With the images excluded, set down every line of the listing below exactly.
━━━━━ Data
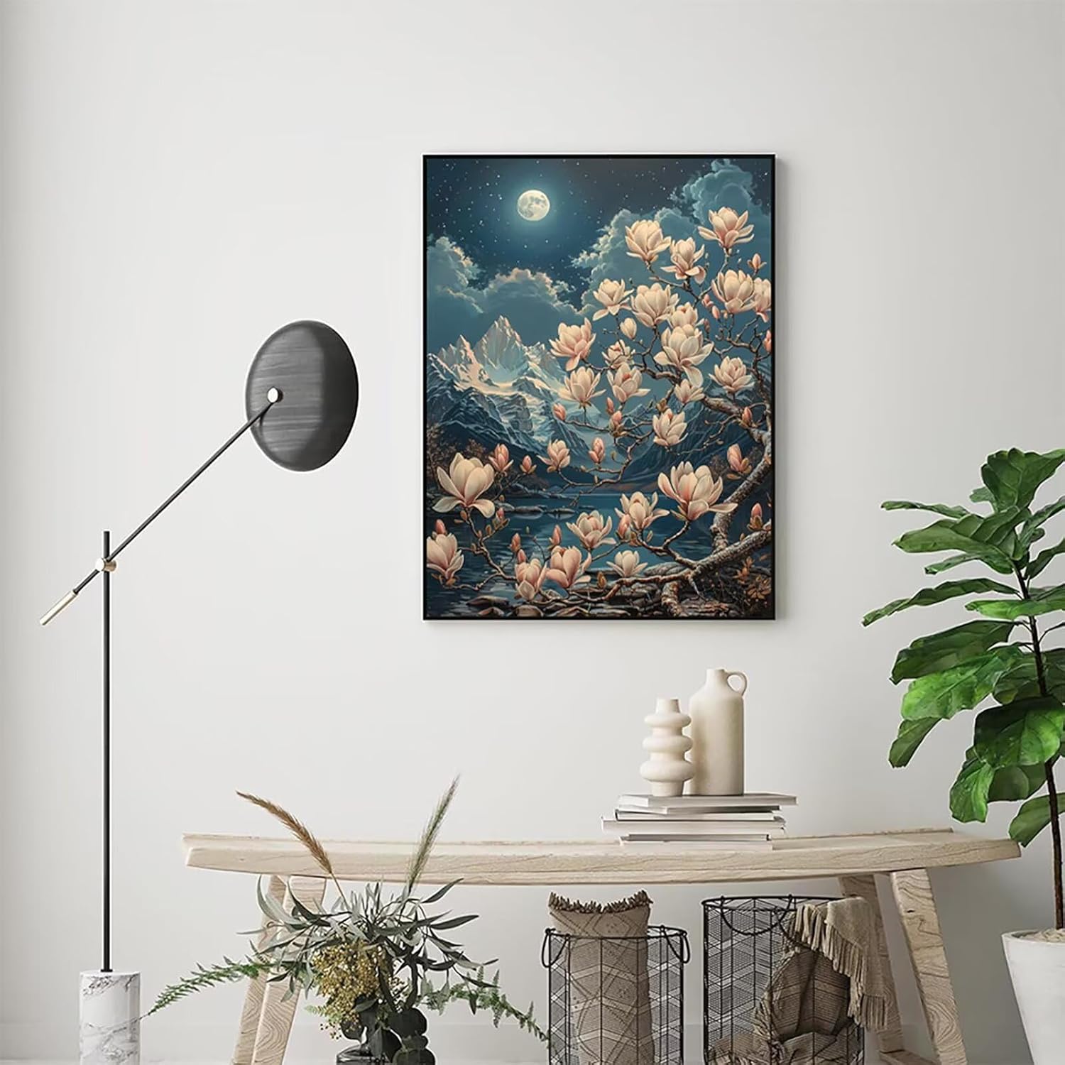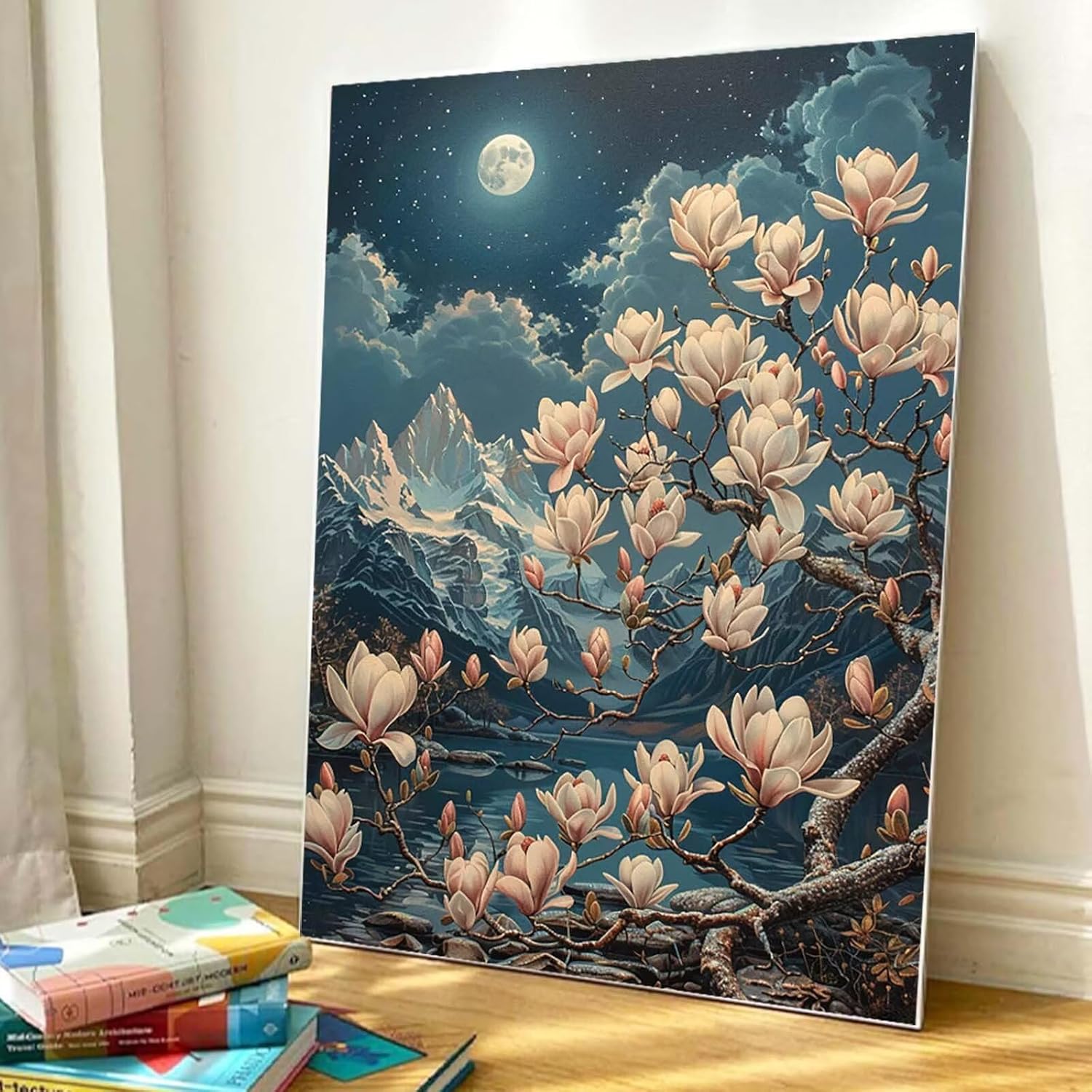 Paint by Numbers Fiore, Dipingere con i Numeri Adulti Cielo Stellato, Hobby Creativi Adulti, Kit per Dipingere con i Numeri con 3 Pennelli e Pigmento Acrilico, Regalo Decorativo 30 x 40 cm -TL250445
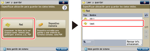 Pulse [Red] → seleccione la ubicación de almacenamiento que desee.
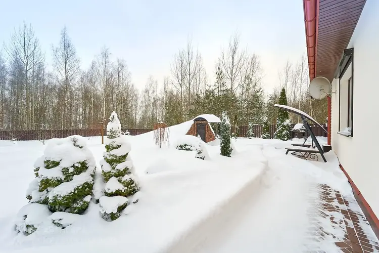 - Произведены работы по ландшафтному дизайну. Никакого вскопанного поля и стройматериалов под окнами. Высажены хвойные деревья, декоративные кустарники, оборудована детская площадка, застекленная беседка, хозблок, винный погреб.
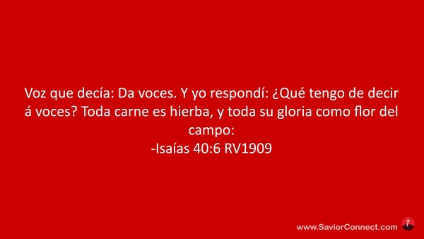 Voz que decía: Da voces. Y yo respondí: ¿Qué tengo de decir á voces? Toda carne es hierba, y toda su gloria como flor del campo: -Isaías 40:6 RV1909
━━━━━━━━━━
[Worked solution]
 Paint by Numbers Fiore, Dipingere con i Numeri Adulti Cielo Stellato, Hobby Creativi Adulti, Kit per Dipingere con i Numeri con 3 Pennelli e Pigmento Acrilico, Regalo Decorativo 30 x 40 cm -TL250445
 Pulse [Red] → seleccione la ubicación de almacenamiento que desee.
 - Произведены работы по ландшафтному дизайну. Никакого вскопанного поля и стройматериалов под окнами. Высажены хвойные деревья, декоративные кустарники, оборудована детская площадка, застекленная беседка, хозблок, винный погреб.
 Voz que decía: Da voces. Y yo respondí: ¿Qué tengo de decir á voces? Toda carne es hierba, y toda su gloria como flor del campo: -Isaías 40:6 RV1909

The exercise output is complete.